Update: I think the correct shortcut in Raycast is ⌘W. That's reasonable! But still, it never felt intuitive enough to remember. Perhaps because I associate ⌘W with destructively closing a window, whereas with these modals what I want to do is temporarily hide them. And Escape feels like the right key for that.

Universal actions

They're cool.

The VC thing and the AI thing

Raycast is VC-backed. I don't have a philosophical problem with this, but it does give me some concern about the pressure the team will face to drive revenue rather than do the best thing for the customer.

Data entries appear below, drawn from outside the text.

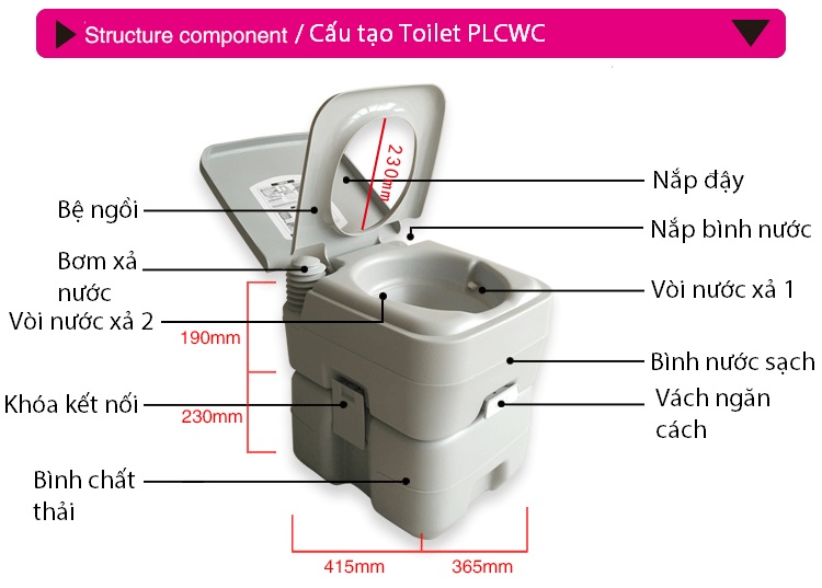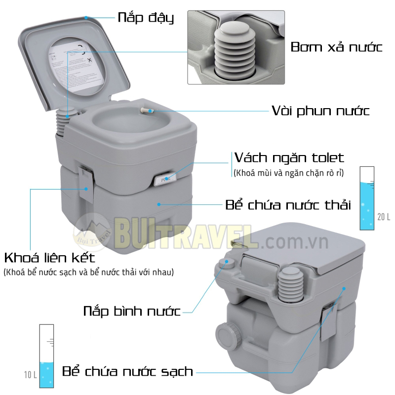 - Có túi đựng đi kèm tiện gọn Tính năng - Nhà vệ sinh cắm trại di động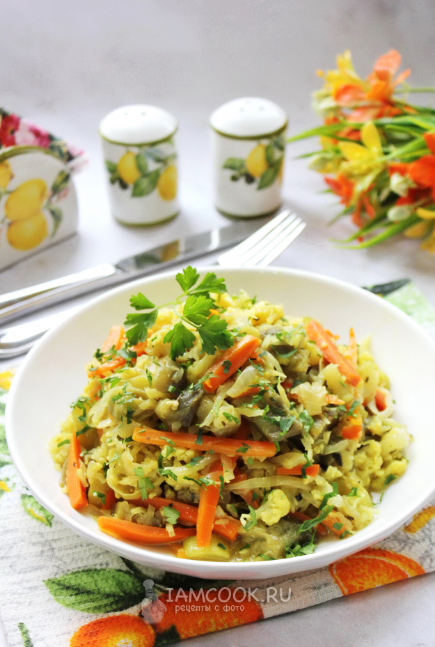 Овощное рагу с баклажанами и капустой готово. Вкусно в теплом и в холодном виде.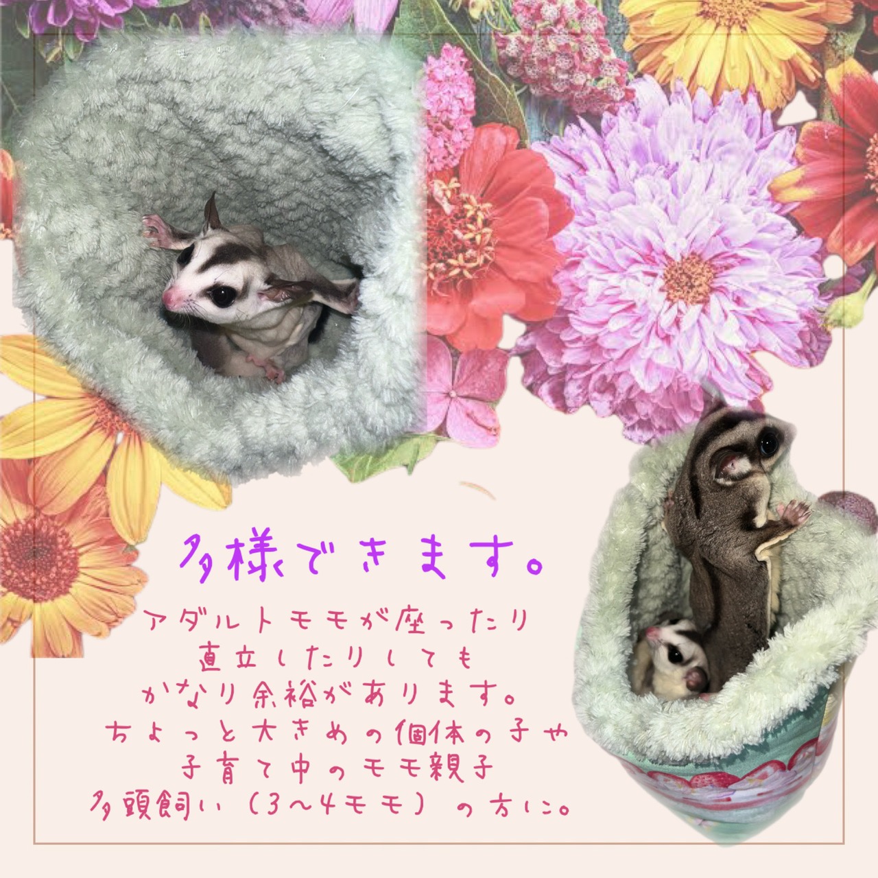 フクモモちゃんと触れ合いたい、そんな思いを込めてこの形のフクロモモンガポーチを作りました。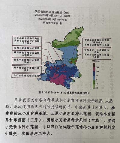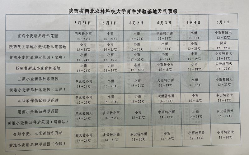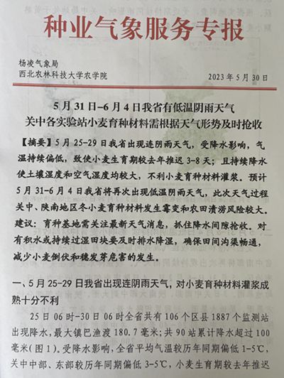 当前正值夏粮收获关键期,杨凌及周边地区出现大面积持续性降雨过程,为夏粮抢收和小麦育种材料收获带来严峻挑战。为切实加强连阴雨天气防范应对,全力以赴抢收减损保夏粮丰收,杨凌气象局与我院联合发布《关于做好近期连阴雨天气防范应对强化小麦育种材料抢收的紧急通知》,同时发布《种业气象服务专报》,提醒各育种基地抓住降水间隙,及时抢收晾晒育种材料。

Case in point: Raycast seems very caught up in the AI hype. A lot of the releases over the past ~18 months have been AI-focused. I don't use or want Raycast's AI features, so they kinda lost me here. I'll speculate that some of this pressure is coming from the VCs, since my perception is that companies dependent on funding often want to posture as being on the breaking edge of the AI wave.

Meanwhile, Alfred is a more humble affair. I don't know what their team looks like, but I imagine it's lean. Their intentions seem more pure.

For example, Alfred's About page starts with this one-sentence paragraph:

Our love affair with Apple began in the 1980's with our first Mac Plus.

That gives me the warm-fuzzies. 💖

Meanwhile, Raycast's Why page, referred to as the "Manifesto" page on the table of links at the bottom of the website), feels like it came from an LLM trained on Steve Jobs transcripts and cocaine.

(Okay that's not fair. It's fine. It's just a different vibe.)

Approval overhead

This is not at all Raycast's fault, but: at my company, I have to get approval each time I run a non-allowlisted executable binary. Raycast isn't allowlisted, so each time it does a patch update, which it does often, I have to go get it reapproved before I can run it. And while I'm waiting for approval, I have to live without it. That's frustrating, as these tools are central to my workflow and I feel a bit lost when I suddenly lose access to them.

Alfred doesn't have this problem. Maybe because it's a native Mac app, or because someone got it on the allowlist at some point, or something else.

Whatever the reason, it was a relief to opt out of this tug of war.

In closing

Again, none of this is to throw shade at Raycast. Raycast is an excellent tool. It was good enough to make me forget about Alfred! And in some ways it's better than Alfred.

If I didn't have to pay so much for Raycast sync, I'd do a more thorough evaluation of the two before choosing Alfred. But until then, sync is the obvious tiebreak, and I'm enjoying rediscovering Alfred and exploring all it can do for me.